■ Supplied material ■
□ □ □ □ □ □ □

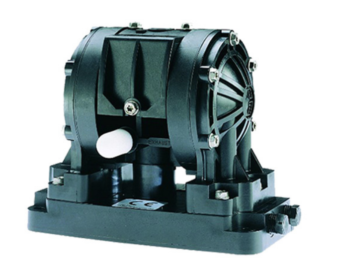 1/4 英寸容積式雙隔膜泵配備特氟龍(PTFE)和山道橡膠膜片,更加耐久??蛇x聚丙烯、乙縮醛和聚偏氟乙烯(PVDF)材質(zhì)。
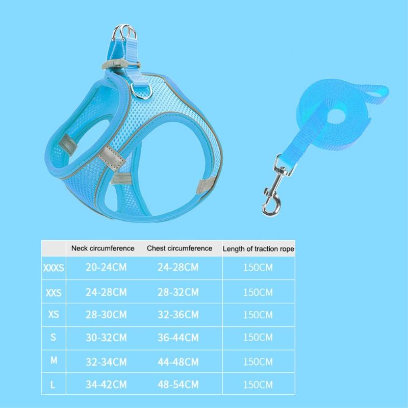 Harnais réfléchissant pour chat/chien avec laisse / Gilet en maille respirante pour animaux de compagnie
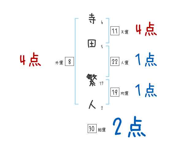 天運![]() | 寺田繁人さんの天運は11画の4つ星!着実に富や地位を得る幸運な人生。 家系が持つ宿命的な運勢を表します。祖先から受け継いだ苗字ですので自分の力が及びません。家柄を象徴します。 |
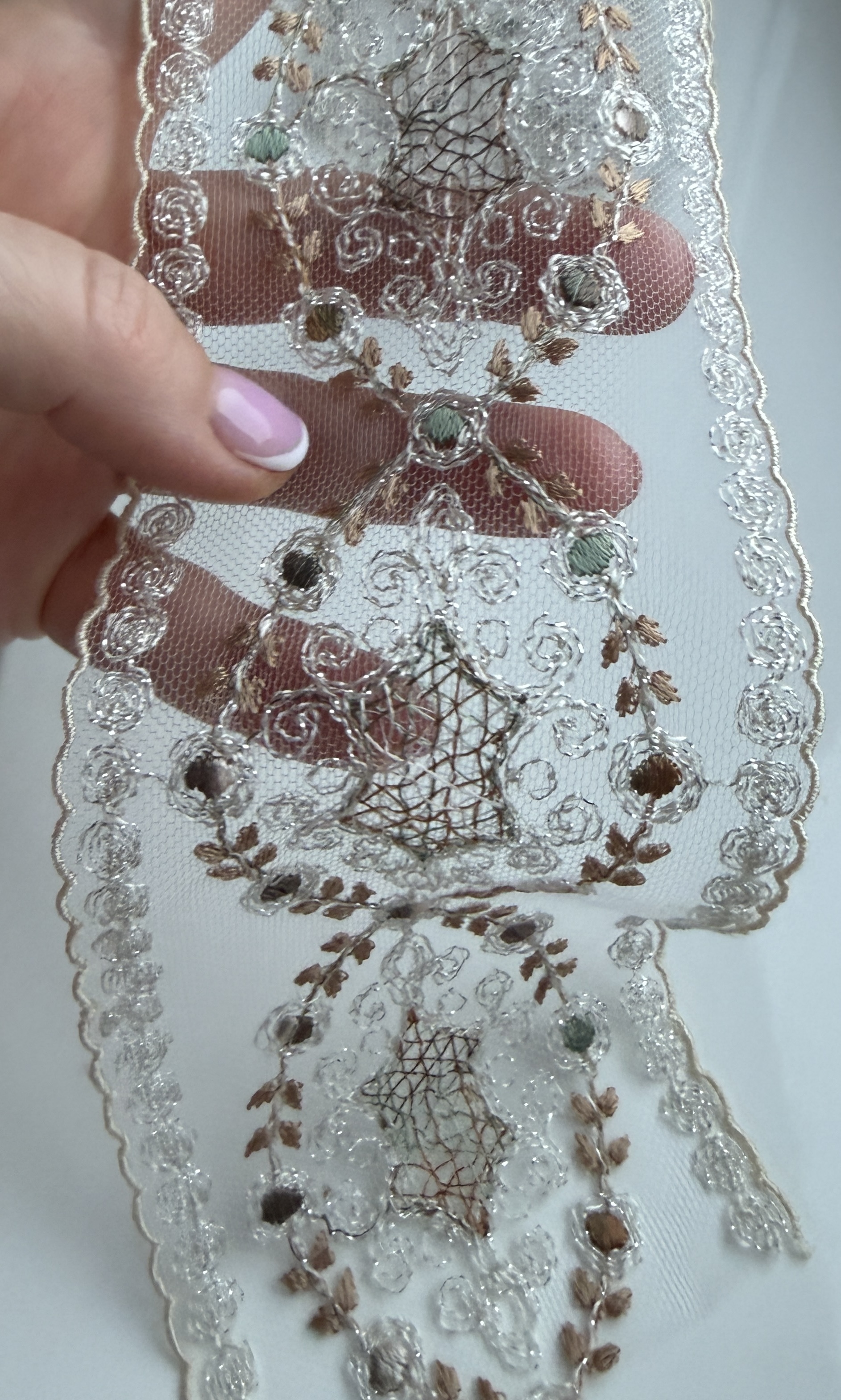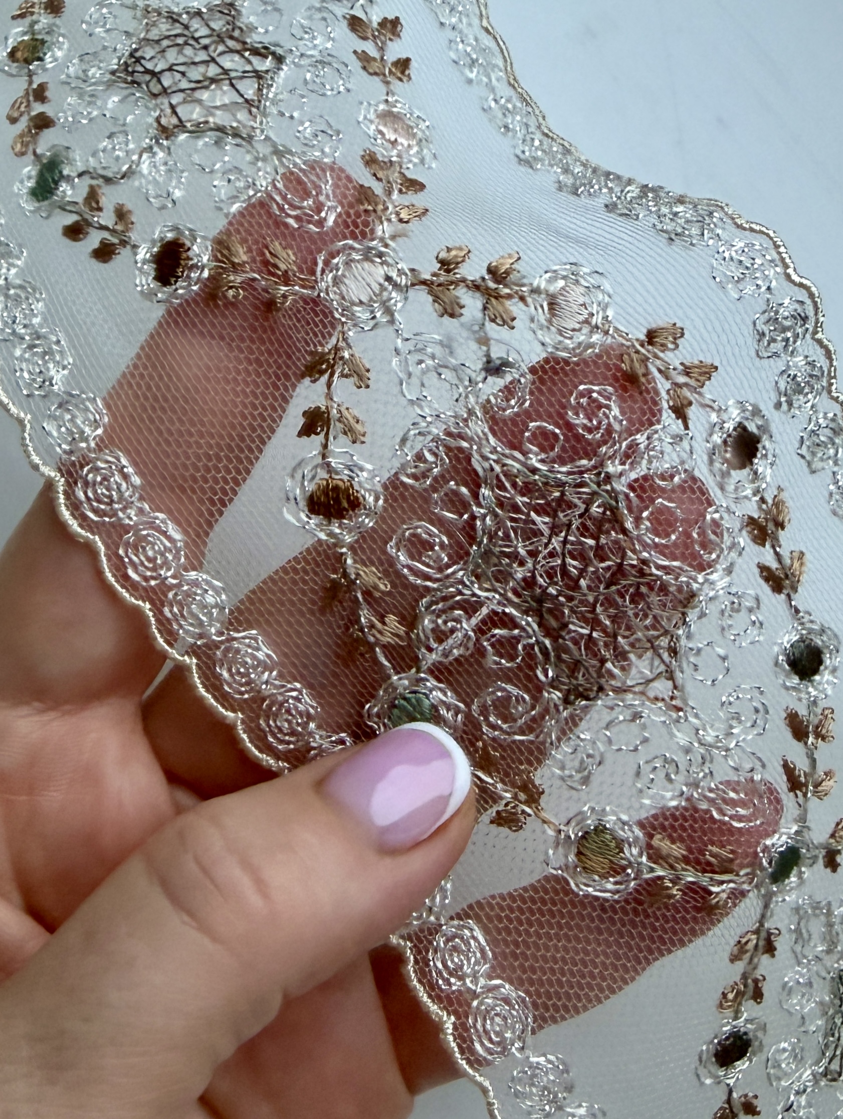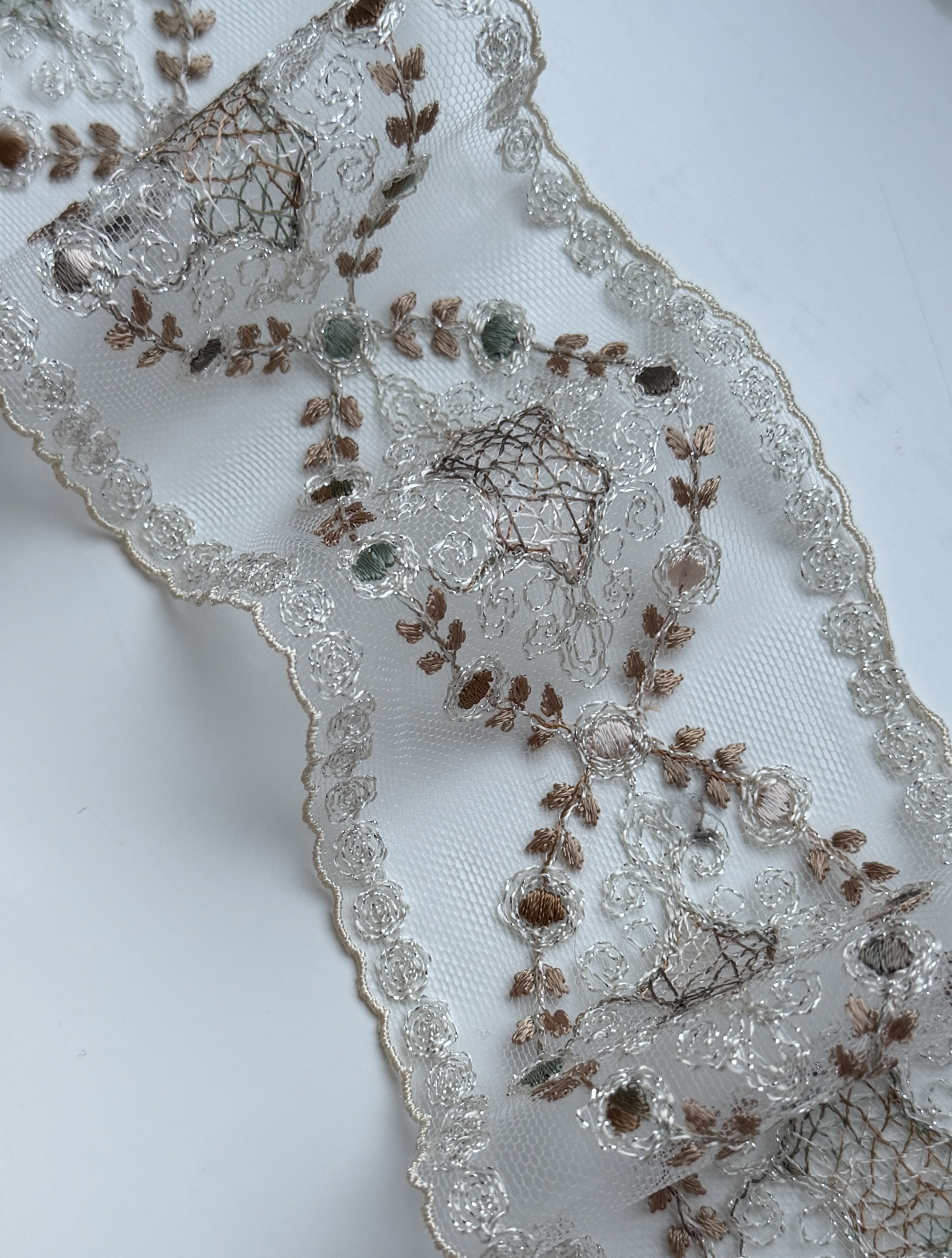 Тонкое цветное кружево с изящным деликатным узором в бежево-молочных тонах с деликатным серебристым люрексом .Мелкие пудрово- оливковые шелковые сердцевинки на мелкой мягкой сетке придают перелив и игру оттенков. Кружево лёгкое, полупрозрачное, с чётко прорисованными контурами узоров. Полотно мягкое, хорошо драпируется и аккуратно ложится в изделии. Не колкое! Край естественный фистонный подчёркивает плавность линий и утончённость рисунка.

□ □ □ □ □ □ □

■ Task item ■
Your copy must begin at the line containing "天運![]() | 寺田繁人さんの天運は11画の4つ星!着実に富や地位を得る幸運な人生。" and end at the last line of the material above. Reproduce each line exactly, but not the pictures.

■ Result for this exercise ■
 天運![]() | 寺田繁人さんの天運は11画の4つ星!着実に富や地位を得る幸運な人生。 家系が持つ宿命的な運勢を表します。祖先から受け継いだ苗字ですので自分の力が及びません。家柄を象徴します。 |
 Тонкое цветное кружево с изящным деликатным узором в бежево-молочных тонах с деликатным серебристым люрексом .Мелкие пудрово- оливковые шелковые сердцевинки на мелкой мягкой сетке придают перелив и игру оттенков. Кружево лёгкое, полупрозрачное, с чётко прорисованными контурами узоров. Полотно мягкое, хорошо драпируется и аккуратно ложится в изделии. Не колкое! Край естественный фистонный подчёркивает плавность линий и утончённость рисунка.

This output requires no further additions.